[Problem requirements] Before you return the lines below, strip out any images and keep every word as written.

[Data excerpt]
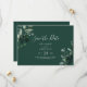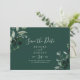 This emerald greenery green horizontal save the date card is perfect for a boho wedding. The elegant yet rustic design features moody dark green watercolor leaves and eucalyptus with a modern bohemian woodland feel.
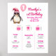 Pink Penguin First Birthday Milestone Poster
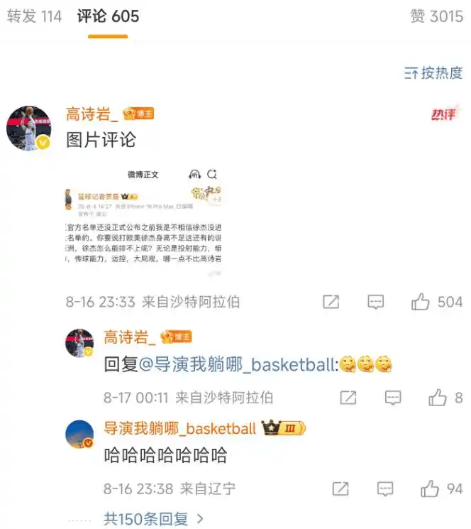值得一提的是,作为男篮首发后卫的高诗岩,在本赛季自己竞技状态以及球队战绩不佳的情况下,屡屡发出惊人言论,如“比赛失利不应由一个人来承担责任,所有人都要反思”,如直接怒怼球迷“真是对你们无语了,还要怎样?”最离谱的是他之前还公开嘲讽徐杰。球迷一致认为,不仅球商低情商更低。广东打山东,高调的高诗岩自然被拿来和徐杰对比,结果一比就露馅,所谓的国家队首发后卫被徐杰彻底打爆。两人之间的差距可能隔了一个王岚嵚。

[Answer]
 This emerald greenery green horizontal save the date card is perfect for a boho wedding. The elegant yet rustic design features moody dark green watercolor leaves and eucalyptus with a modern bohemian woodland feel.
 Pink Penguin First Birthday Milestone Poster
值得一提的是,作为男篮首发后卫的高诗岩,在本赛季自己竞技状态以及球队战绩不佳的情况下,屡屡发出惊人言论,如“比赛失利不应由一个人来承担责任,所有人都要反思”,如直接怒怼球迷“真是对你们无语了,还要怎样?”最离谱的是他之前还公开嘲讽徐杰。球迷一致认为,不仅球商低情商更低。广东打山东,高调的高诗岩自然被拿来和徐杰对比,结果一比就露馅,所谓的国家队首发后卫被徐杰彻底打爆。两人之间的差距可能隔了一个王岚嵚。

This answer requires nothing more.